Source: Puranic Encyclopedia

1) Suvrata (सुव्रत).—A King of Bharata dynasty. He was the son of Kṣema and father of Viśvajit, (Bhāgavata, Skandha 1).

2) Suvrata (सुव्रत).—A King of the Aṅga royal dynasty. He was the son of King Uśīnara who begot of his wife Nṛgā the son called Nṛga, Nara by his wife, Narā; Kṛmi by the wife Kṛmī; Daśa by the wife Suvratā and Śibi by his wife Dṛṣadvatī. (Agni Purāṇa, Chapter 277).

3) Suvrata (सुव्रत).—Son of the brahmin Somaśarman. (For details see under Dharmāṅgada).

4) Suvrata (सुव्रत).—A muni of ancient days who lived in North India. He was extraordinarily effulgent and reputed. (Vana Parva, Chapter 90, Verse 12).

5) Suvrata (सुव्रत).—One of the two attendants given to Subrahmaṇya by Mitradeva, the other one being Satyasandha. (Śalya Parva, Chapter 45, Verse 41)

6) Suvrata (सुव्रत).—One of the two attendants given to Subrahmaṇya by Vidhātā, the other one being Sukarman. (Śalya Parva, Chapter 45, Verse 42).

7) Suvratā (सुव्रता).—Daughter of Dakṣaprajāpati by Vīraṇī. She had four sons one each from Dakṣa, Dharma, Brahmā and Rudra. They were respectively Dakṣasāvarṇi. Dharmasāvarṇi, Brahmasāvarṇi and Rudrasāvarṇi. (Brahmāṇḍa Purāṇa, 41, 39-59).

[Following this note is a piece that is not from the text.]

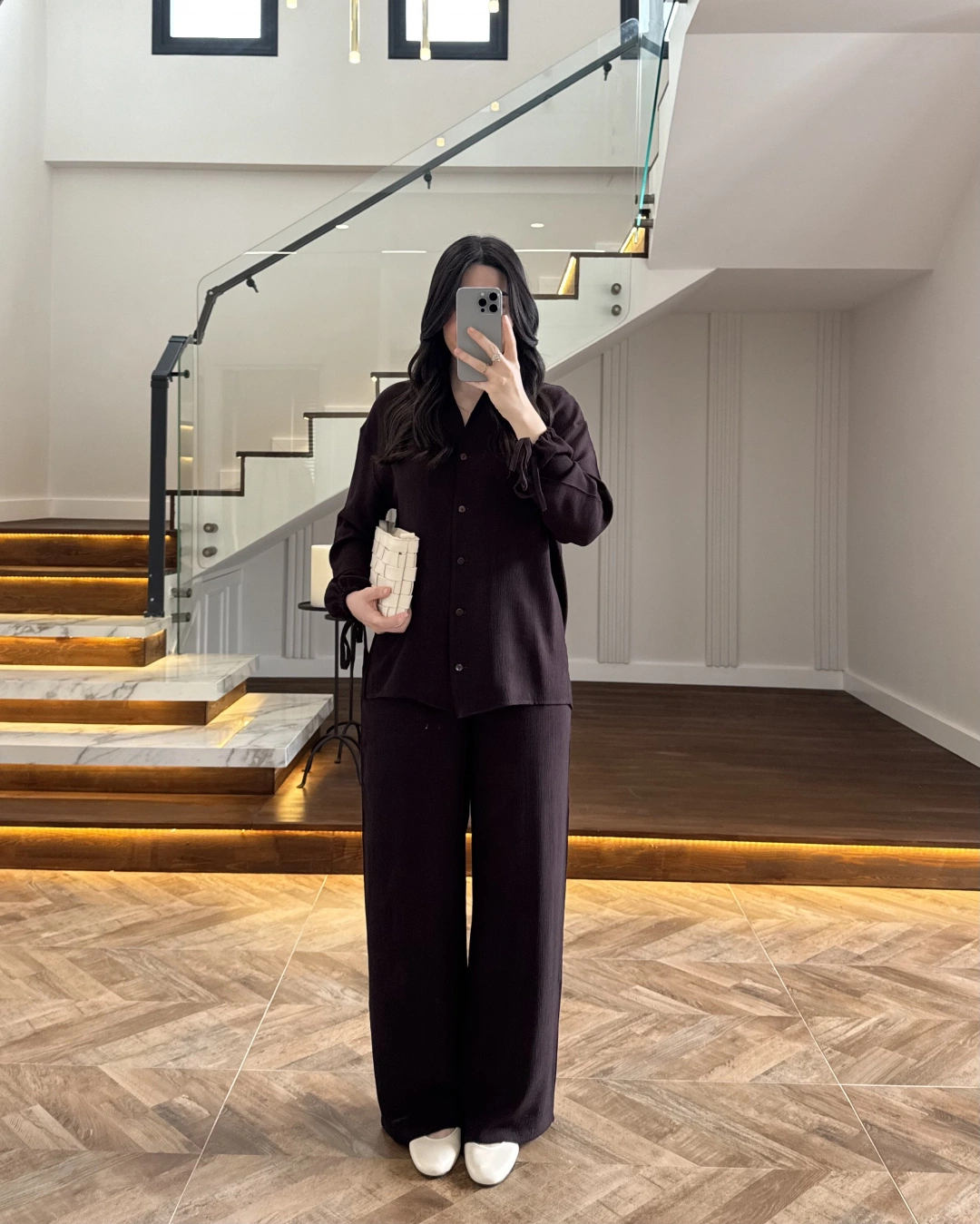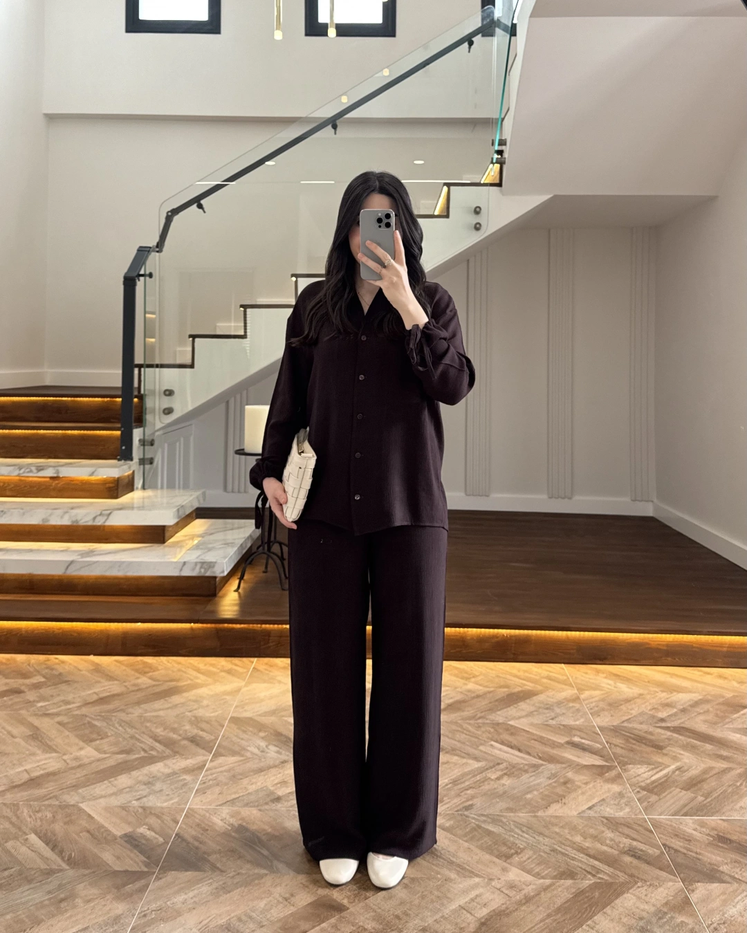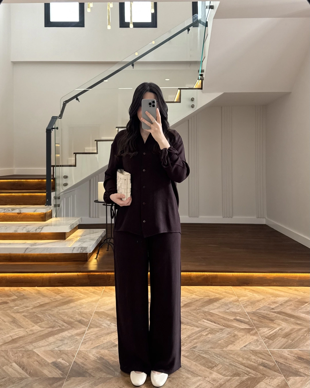 KAHVE VİSKON GÖMLEK TAKIM-9050

Source: Shiva Purana - English Translation

Suvratā (सुव्रता) refers to a “lady of good rites” and is used to describe Pārvatī (i.e., Goddess Śivā), according to the Śivapurāṇa 2.3.8.—Accordingly, Nārada said to Himavat:—“[..] O lord of mountains, she will be the wife of Śiva and will remain his favourite always. She will be a chaste lady of good rites [i.e., suvratā]. She will increase the pleasure of her parents. Performing a penance she will fascinate Śiva’s mind towards herself. He too will marry none else except her. A love akin to this pair will not be found anywhere. Never in the past was it seen nor will it occur in future. Nor it is current now. [...]”.

Source: Cologne Digital Sanskrit Dictionaries: The Purana Index

1a) Suvrata (सुव्रत).—A son of Kṣema (Kṣemya, Viṣṇu-purāṇa) and father of Dhamasūtra (Dharma, Viṣṇu-purāṇa).*

  • * Bhāgavata-purāṇa IX. 22. 48; Viṣṇu-purāṇa IV. 23. 6.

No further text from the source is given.